I then rebooted everything fresh again and tried what Igor suggested. This was the one difference in the steps I originally used
# stmfadm create-lu -p wcd=true /dev/zvol/rdsk/zones/idsk
However setting wcd=true did not make any difference and I am still able to label the disk and create the zpool on the initiator. Looking at the original lu output, it looks like that has the default "Writeback Cache : Disabled" setting.
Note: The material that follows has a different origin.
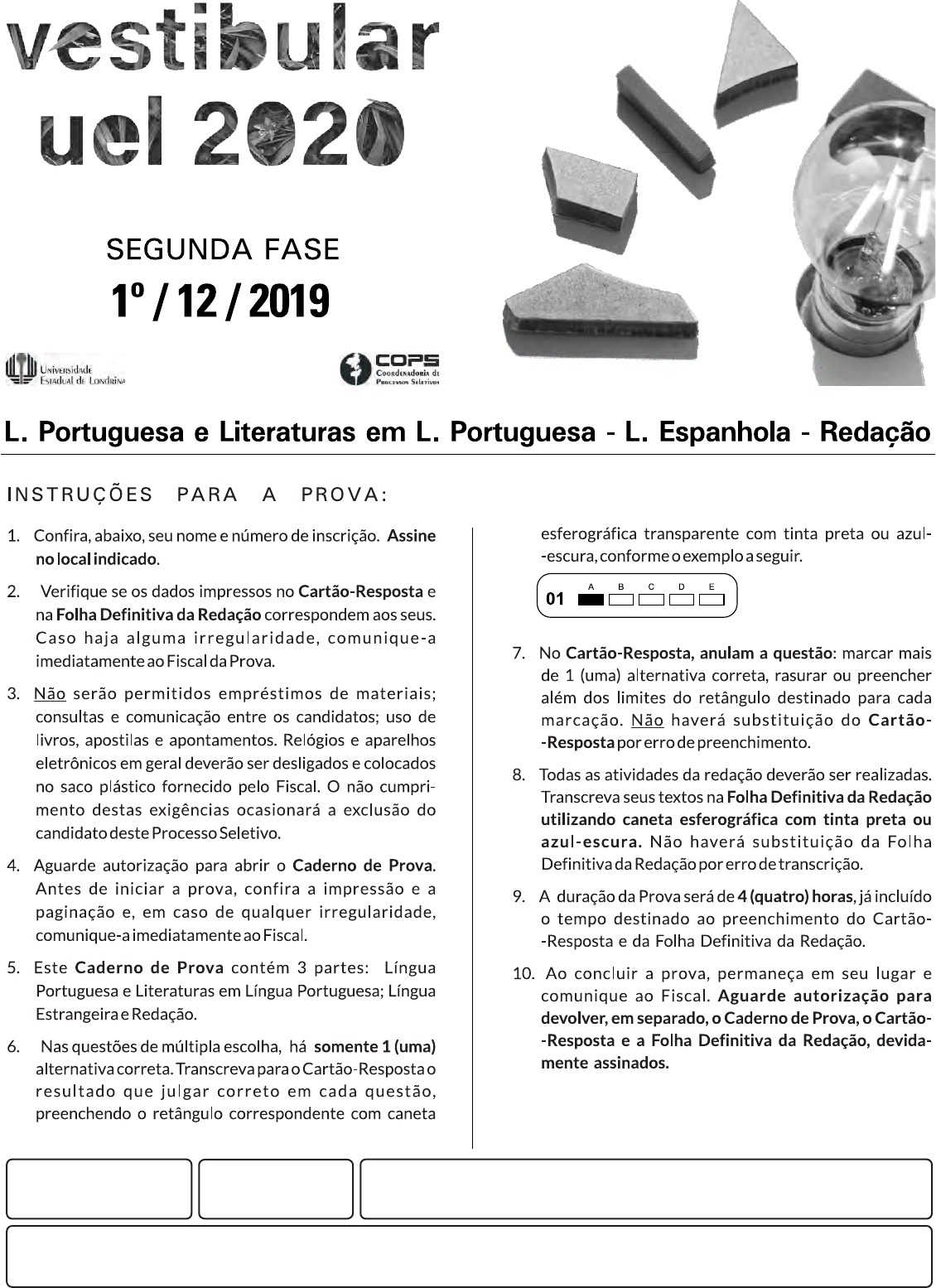O gabarito oficial provisório estará disponível no endereço eletrônico www.cops.uel.br a partir das 20 horas do dia 1º de dezembro de 2019. LÍNGUA PORTUGUESA E LITERATURAS EM LÍNGUA PORTUGUESA Leia o texto a seguir, que contém o início do conto “A menina do futuro torcido”, incluído em Vozes anoitecidas, de Mia Couto, e responda às questões de 1 a 3. Joseldo Bastante, mecânico da pequena vila, punha nos ouvidos a solução da sua vida. Viajante que passava, carro que parava, ele aproximava e capturava as conversas. Foi assim que chegou de ouvir um destino para sua filha mais velha, Filomeninha. Durante toda uma semana, chegavam da cidade notícias de um jovem que fazia sucesso virando e revirando o corpo, igual uma cobra. O rapaz tinha sido contratado por um empresário para exibir suas habilidades, confundir o trás para a frente. Percorria as terras e o povo corria para lhe ver. Assim, o jovem ganhou dinheiro até encher caixas, malas e panelas. Só devido das dobragens e enrolamentos da espinha e seus anexos. O contorcionista era citado e recitado pelos camionistas e cada um aumentava uma volta nas vantagens elásticas do rapaz. Chegaram mesmo a dizer que, numa exibição, ele se amarrou no próprio corpo como se fosse um cinto. Foi preciso o empresário ajudar para desatar o nó; não fosse isso, ainda hoje o rapaz estaria cintado. COUTO, Mia. Vozes anoitecidas. São Paulo: Companhia das Letras, 2013. p. 127. 1 Quanto ao destino de Filomeninha, assinale a alternativa correta. a) Ela treina muito à espera do empresário, mas este, ao chegar à vila, a recusa, já desinteressado pelo contorcionismo. b) Ela é iludida pelo empresário e abandona a vila com ele, sem corresponder às expectativas do pai. c) Ela se apaixona pelo contorcionista e abandona a vila, sem dar explicações à família. d) Ela ingressa no mundo do espetáculo com o contorcionista e garante muito dinheiro à família. e) Ela é acolhida pelo empresário, mas, no dia da estreia de seu espetáculo, morre devido ao treinamento exaustivo. Alternativa correta: a) Justificativa O empresário chega à vila, mas não ilude Filomeninha que também não sai daquele local. A personagem não entra em contato com o contorcionista nem ingressa no mundo do espetáculo. O empresário não acolhe Filomeninha. 2 O trecho contém uma frase significativa tanto para este conto quanto para outros contos do livro: “O rapaz tinha sido contratado por um empresário para exibir suas habilidades, confundir o trás para a frente.”. Sobre a relação desse trecho com os outros contos do livro, assinale a alternativa correta. a) O que se percebe tanto nesse conto quanto em outros contos do livro é um conjunto muito farto de habilidades extraordinárias nas personagens que as conduz à superação de adversidades. b) A imagem do contorcionista e de seus movimentos corporais inusitados é representativa dos esforços de diversas personagens dos contos do livro que convivem com a miséria e com a ignorância. c) Um traço comum entre esse conto e outros contos do livro é a circulação de empresários por espaços muito pobres, o que provoca o progresso tanto dos lugares quanto das personagens que ali vivem. d) A questão central da frase é a ideia de confusão, que, nesse conto, se exemplifica pelo fato de Joseldo ter compre- endido mal as notícias, uma vez que as histórias sobre o contorcionista eram falsas. e) As inversões do tempo constituem aspecto relevante desse conto e de outros do livro, pois a sequência dos eventos narrados sofre sistematicamente a interferência dos desvarios das personagens. Alternativa correta: b) Justificativa As personagens desse conto e de outros não superam as adversidades com que se deparam, apesar de possuírem algumas habilidades. A circulação de empresários não é marca frequente nos contos do livro, e eles não estão associados com o progresso dos lugares e das personagens. Joseldo não compreende mal as notícias, que, no caso específico do contorcionista, não eram falsas. Nesse conto, não há inversão na narração de eventos. As personagens empreendem esforços em suas rotina, o que cria a afinidade com o contorcionismo. 1 / 25 3 Assinale a alternativa que explica corretamente a frase: “O contorcionista era citado e recitado pelos camionis- tas e cada um aumentava uma volta nas vantagens elásticas do rapaz.” a) Com a frase, o narrador enfatiza como Joseldo ficava embevecido com as histórias a respeito do contorcionista. b) A frase demonstra que os relatos dos caminhoneiros eram convincentes porque eram repetitivos. c) O trecho “aumentava uma volta” aponta tanto para as habilidades corporais do jovem quanto para os relatos desiguais dos caminhoneiros. d) O termo “elásticas” está mais associado à forma do relato dos caminhoneiros do que às habilidades corporais do contorcionista. e) O termo “vantagens” já demonstra que o contorcionista era um falsário, embora os caminhoneiros acreditassem nas habilidades de seus movimentos. Alternativa correta: c) Justificativa A frase não focaliza as reações de Joseldo. O caráter repetitivo dos relatos existe, mas não os torna mais convincentes; ao contrário, é apontada uma marca exagerada que torna os relatos questionáveis. O termo “elásticas” é específico para caracterizar as habilidades do contorcionista, assim como as “vantagens” são as próprias habilidades. A ideia de aumentar uma volta, tem tanto um sentido literal, correspondente ao movimento do contorcionista, quanto um sentido figurado referente aos relatos. Leia os trechos a seguir, extraídos de A hora da estrela, de Clarice Lispector, e responda às questões 4 e 5. (Há os que têm. E há os que não têm. É muito simples: a moça não tinha. Não tinha o quê? É apenas isso mesmo: não tinha. Se der para me entenderem, está bem. Se não, também está bem. Mas por que trato dessa moça quando o que mais desejo é trigo pur

In my testing, I have tried it both ways but it doesn't cause a problem either way.
Updated by Igor Kozhukhov over 3 years ago
could you try create small ramdrive and create LUN?
ramdiskadm -a rd1g1 1g stmfadm create-lu -pwcd=true /dev/ramdisk/rd1g1 stmfadm create-view <LUNID>
in my case, LUN is working fine without '-pwcd=true'
if i use this property, i'm not able create zpool on this target on initiator side.
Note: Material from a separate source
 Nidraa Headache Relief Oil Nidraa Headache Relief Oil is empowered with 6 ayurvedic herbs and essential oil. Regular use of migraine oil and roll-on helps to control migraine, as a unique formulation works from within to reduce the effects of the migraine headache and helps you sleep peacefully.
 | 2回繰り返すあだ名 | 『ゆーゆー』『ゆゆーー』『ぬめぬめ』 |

Updated by Toomas Soome over 3 years ago
Jerry Jelinek wrote:
I wanted to see if the recent upstreaming of the Nexenta iscsi/comstar fixes was causing this problem.
I tried to reproduce this failure but so far I cannot.
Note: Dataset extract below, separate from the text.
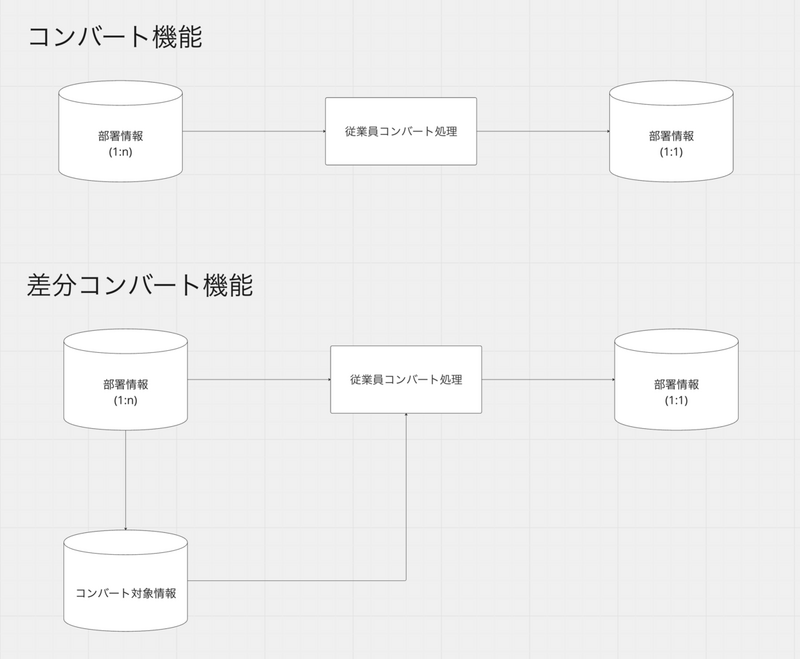 動いているサービスをできるだけ止めないまま、既存の1:nの部署情報を1:1に変換する必要があります。

I first used two VMs running SmartOS on a platform without the recent Nexenta iscsi/comstar changes. I was able to create the iscsi target using a zvol and I was able to access that target on the initiator to create a zpool. Here is the commands I ran (which will need to be modified to use the correct LUN, iqn name and IP address on each run).
[...]
I then rebooted the initiator (still on the pre-Nexenta changes platform), rebooted the target to a post-Nexenta changes platform, deleted the zvol (to ensure there was no preexisting label), and reran the above steps. This still worked fine.Finally, I rebooted the initiator onto a post-Nexenta changes platform, rebooted the target (still on the post-Nexenta changes platform), deleted the zvol and reran the above steps again. This still worked fine.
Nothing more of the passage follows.